Depuis qu’elle est devenu responsable des machines et des ordinateurs, elle nous interdit
formellement de nous approcher de façon hargneuse. Je pense qu’elle fait du sabotage et je sais qu’elle cache des informations permettant de faire avancer ie travail.
[S] est une personne vicieuse et manipulatrice. Elle se vante d’avoir la direction dans la poche, nous disant qu’elle est intouchable.
Chaque année, à Noël, la direction nous offre un carton de produit. Il y a 2 ans, [S] dans un acte de rébellion face à la direction, nous a interdit de prendre nos cartons J’ai dû me cacher pour prendre le mien mais la majorité des autres filles ont eu peur des représailles et n’ont pas pris leur carton.
De temps en temps, comme je ne rentre pas dans le rang comme les autres, elle me monte l’équipe contre moi. Plus personne ne me parle pendant des jours.
C’est dommage, qu’une seule personne dans un groupe puisse changer autant le déroulement du
travail et l’ambiance'.
Ainsi que le fait valoir l’employeur, n’étant pas contesté par l’appelante que Madame [BB] a été embauchée le 12 novembre 2013 et indiquant dans son courrier être « employée au sein de la société PCW depuis 6 ans », il s’en déduit que son courrier a nécessairement été rédigé postérieurement au 12 novembre 2019.

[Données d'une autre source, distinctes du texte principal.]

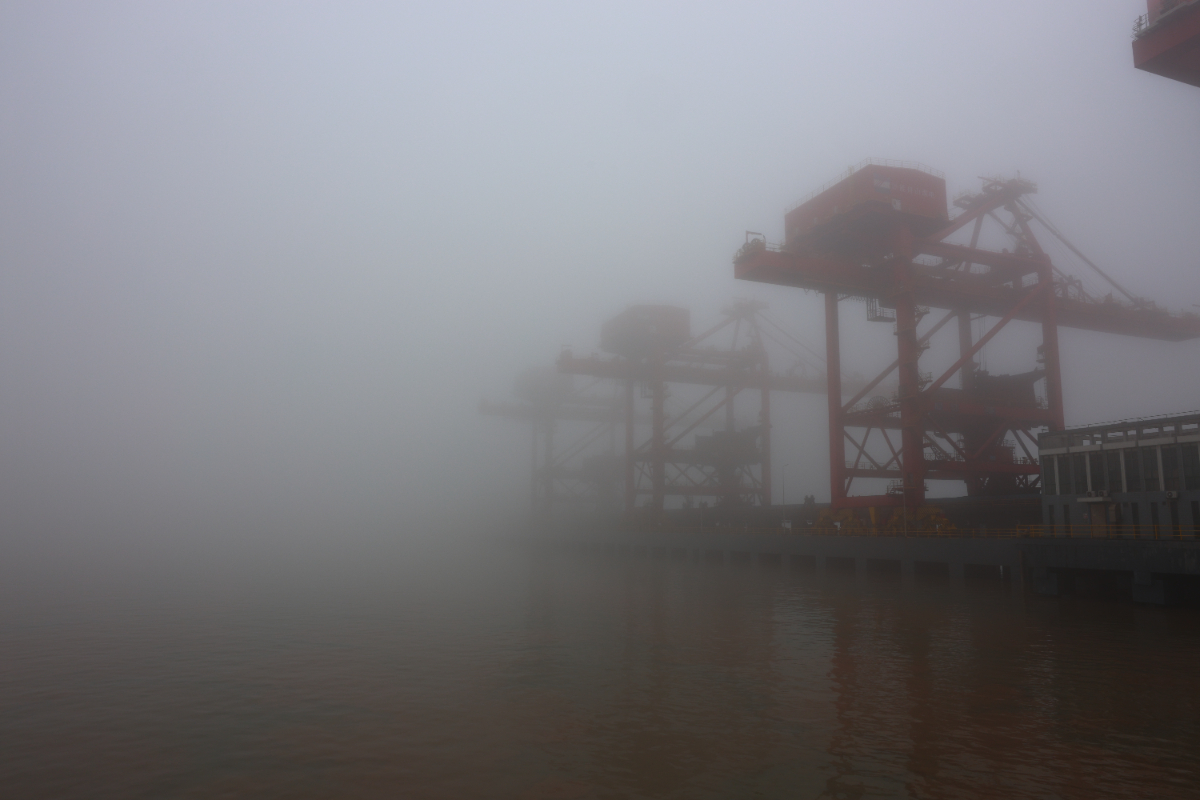 188bet金宝博 港口港区大雾弥漫,如同一块巨大的幕布。 钱威 摄

L’employeur produit également le courrier de Madame [Z] [I] daté du 12/12/2019 qui relate :
'Je souhaite par cette lettre vous rapporter des faits qui se sont déroulés durant ma présence au sein de la société. Je tiens avant tout à préciser que de façon générale j’apprécie travailler avec l’équipe PCW et que mon but n’est pas de porter préjudice à certaines personnes mais au contraire de faire en sorte que la situation s’améliore pour tous.
Les seules difficultés rencontrées ont été avec une des mes collaboratrice [S] [BF] qui par son comportement fait peser une ambiance de travail difficile et lourde.
[S] choisi littéralement les personnes avec qui elle souhaite travailler et si elle décide quelle ne veut pas travailler avec moi, elle en fait part à [U] qui me change d’équipe, à ce moment je me sens exclu et mise de coté ce que je ne comprends pas d’autant plus que les chefs d’équipe [U] et [L] mont dit être satisfaites de mon travail. J’ai souvent l’impression que [S] est chef d’équipe et non [U] étant donné que c’est elle qui donne les ordres, supervise notre travail et rode dans l’atelier et n’assure pas son propre poste sur la chaîne que nous finissions par faire à sa place.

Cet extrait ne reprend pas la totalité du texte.